Tongue-Tied on Bilingual Education
New York Times
September 2, 2005

Education researchers have been seething since the Education Department's research arm announced that it would not publish a long-awaited, federally commissioned report on bilingual education. The department denies any political motive, noting that peer reviewers described the study as terminally flawed. But given the politically charged nature of the issue, the administration would be wise to make this controversy go away. It could accomplish that by quickly conveying ownership of the study to the researchers, who could then publish it privately and let the public judge the work for itself. 

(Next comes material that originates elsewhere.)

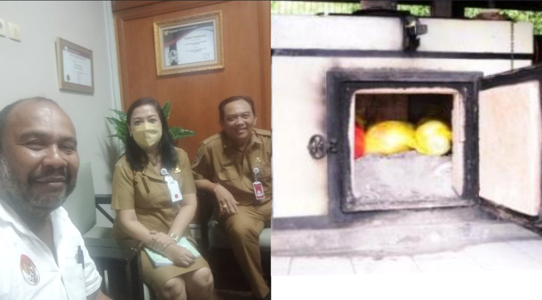 Bagian kiri foto: Direktur RSUD Wangaya dr Anak Agung Made Widiasa (kanan) mendampingi Wakil Direktur Penunjang dan Pengembangan SDM RSUD Wangaya, dr Ida Ayu Asweni Dewi (tengah) saat memberikan penjelasan kepada awak media Agustinus Apollonaris K. Daton (kiri) tentang pengelolaan limbah medis dengan insenerator (foto kanan) di RSUD Wangaya Denpasar, Rabu (18/01/2023). Kolase: poll/rsud wangaya

The federally commissioned study was supposed to summarize existing data to help us determine whether bilingual education helps students who speak other languages learn to read English. The answer is crucial - millions of American children come from homes where languages other than English are spoken. The issue is also politically explosive because of ballot initiatives in California and Arizona, where voters limited bilingual education after ethnically inflammatory campaigns.

The study, which has been talked about for years, is still not out. But it is known that the researchers conclude that bilingual education is helpful to those learning English. That conflicts with the views of some powerful Republicans and conservatives who view such programs as useless or downright harmful.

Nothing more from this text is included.